Dans le cas des titres émis ou garantis par le gouvernement d’un territoire étranger, aucune condition ne s’applique aux placements effectués aux États-Unis ou porte précisément sur l’obligation de fournir de l’information sur les conflits d’intérêts chez les placeurs.

À QUI LES TITRES PEUVENT-ILS ÊTRE VENDUS?

L’acheteur de titres faisant l’objet de la dispense doit être un « client autorisé » au sens du Règlement 31-103 sur les obligations et dispenses d'inscription et les obligations continues des personnes inscrites.

OBLIGATION DE FOURNIR UN AVIS

Les courtiers seraient tenus de fournir un avis de recours à la dispense, ce qui peut se faire de trois manières :

  • le courtier fournit à ses clients un préavis concernant tout placement qui a recours à la dispense;
  • le document de placement comprend un avis à l’intention des investisseurs canadiens;
  • le courtier fournit à ses clients l’avis séparément du document de placement.

L’avis doit faire référence au recours à la dispense de l’obligation de fournir de l’information sur les conflits d’intérêts chez les placeurs et comprendre un paragraphe obligatoire qui porte sur les droits d’action prévus par la loi.

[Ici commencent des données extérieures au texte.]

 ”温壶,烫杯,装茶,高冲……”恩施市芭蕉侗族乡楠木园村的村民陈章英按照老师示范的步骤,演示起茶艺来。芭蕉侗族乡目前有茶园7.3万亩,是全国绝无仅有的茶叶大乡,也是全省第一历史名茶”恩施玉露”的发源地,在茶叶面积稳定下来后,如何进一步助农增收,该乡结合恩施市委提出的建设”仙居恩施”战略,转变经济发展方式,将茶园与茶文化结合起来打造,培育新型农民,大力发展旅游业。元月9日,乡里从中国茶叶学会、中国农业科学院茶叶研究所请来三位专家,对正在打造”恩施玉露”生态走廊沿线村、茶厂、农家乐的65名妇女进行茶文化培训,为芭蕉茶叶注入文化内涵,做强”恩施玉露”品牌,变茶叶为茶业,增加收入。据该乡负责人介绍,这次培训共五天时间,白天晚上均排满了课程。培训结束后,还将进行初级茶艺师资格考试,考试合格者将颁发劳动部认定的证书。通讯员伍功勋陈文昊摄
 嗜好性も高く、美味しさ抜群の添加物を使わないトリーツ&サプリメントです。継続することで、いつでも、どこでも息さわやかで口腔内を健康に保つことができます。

S’il s’agit d’un avis unique donné préalablement à tout placement aux termes de la dispense, l’avis doit indiquer que le courtier prévoit invoquer la dispense pour tout placement futur du titre étranger admissible auprès du client autorisé.

Il reste encore à déterminer si l’inclusion d’un « avis aux investisseurs canadiens » dans les documents de placement mondiaux, comme on le voit souvent dans d’autres territoires, sera mise en place.  En plus d’inclure les renseignements réglementaires, l’avis aux investisseurs canadiens pourrait comprendre un paragraphe optionnel portant sur les restrictions en matière de vente et de revente.

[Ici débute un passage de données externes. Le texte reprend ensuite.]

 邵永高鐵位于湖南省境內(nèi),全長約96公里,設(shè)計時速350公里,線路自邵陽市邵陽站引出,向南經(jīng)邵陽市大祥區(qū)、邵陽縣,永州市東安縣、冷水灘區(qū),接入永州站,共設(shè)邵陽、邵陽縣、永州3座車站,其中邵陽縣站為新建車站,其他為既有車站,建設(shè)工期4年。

EFFET SUR LA PRODUCTION DE RAPPORTS POSTOPÉRATION ET DE RAPPORTS MENSUELS

Les dispenses n’ont pas d’effet sur l’obligation de produire des rapports postopération auprès des organismes de réglementation canadiens. Ces organismes ont indiqué leur intention de publier cet été aux fins de commentaires des révisions du formulaire de rapport postopération.

L’exigence selon laquelle les courtiers doivent fournir un résumé mensuel des placements qui invoquent la dispense ne s’appliquerait plus.